__GOAL OF THE EXERCISE__
Lines to return, exactly: from the line with "Porta foto de" to the line with "今开: 10.35 成交量: 15.57万手" in the entries below, both included.

__DATASET EXCERPTS__
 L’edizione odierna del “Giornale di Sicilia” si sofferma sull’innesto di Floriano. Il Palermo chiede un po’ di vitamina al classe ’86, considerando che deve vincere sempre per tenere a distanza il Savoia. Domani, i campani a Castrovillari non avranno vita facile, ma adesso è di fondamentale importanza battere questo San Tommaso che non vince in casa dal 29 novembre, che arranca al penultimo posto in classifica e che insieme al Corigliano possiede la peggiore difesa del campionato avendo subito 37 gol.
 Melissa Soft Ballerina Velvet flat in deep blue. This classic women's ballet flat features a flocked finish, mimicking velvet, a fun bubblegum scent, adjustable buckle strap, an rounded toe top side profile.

...

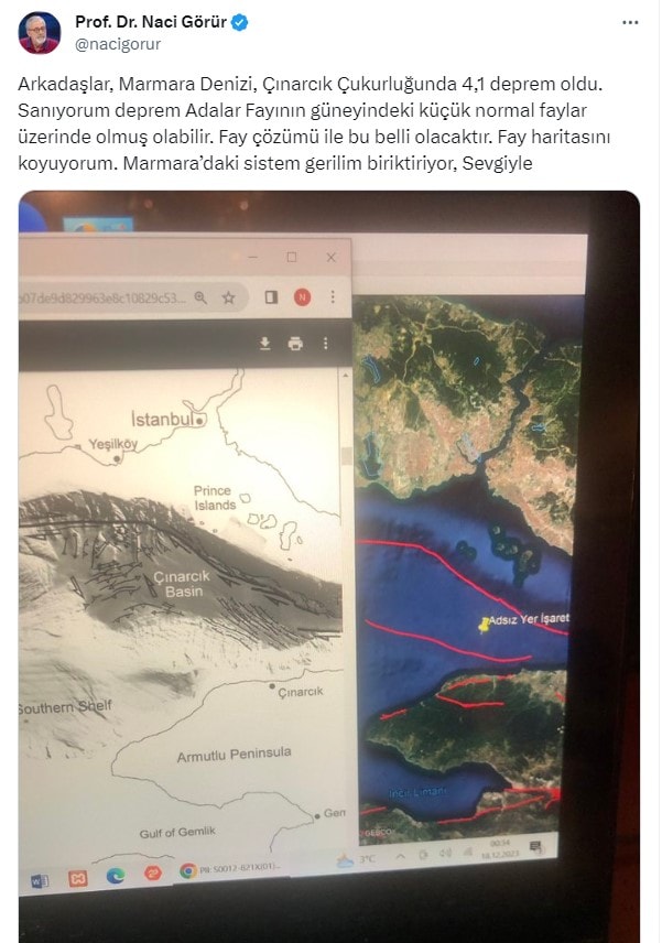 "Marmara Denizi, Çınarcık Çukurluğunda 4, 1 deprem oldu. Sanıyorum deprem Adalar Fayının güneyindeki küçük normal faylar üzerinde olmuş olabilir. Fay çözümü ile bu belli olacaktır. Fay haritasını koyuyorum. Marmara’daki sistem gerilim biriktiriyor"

...

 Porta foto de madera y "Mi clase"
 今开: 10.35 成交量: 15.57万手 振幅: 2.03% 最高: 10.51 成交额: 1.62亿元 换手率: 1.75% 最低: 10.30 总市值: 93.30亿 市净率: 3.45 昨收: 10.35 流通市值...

__TASK ANSWER__
 Porta foto de madera y "Mi clase"
 今开: 10.35 成交量: 15.57万手 振幅: 2.03% 最高: 10.51 成交额: 1.62亿元 换手率: 1.75% 最低: 10.30 总市值: 93.30亿 市净率: 3.45 昨收: 10.35 流通市值...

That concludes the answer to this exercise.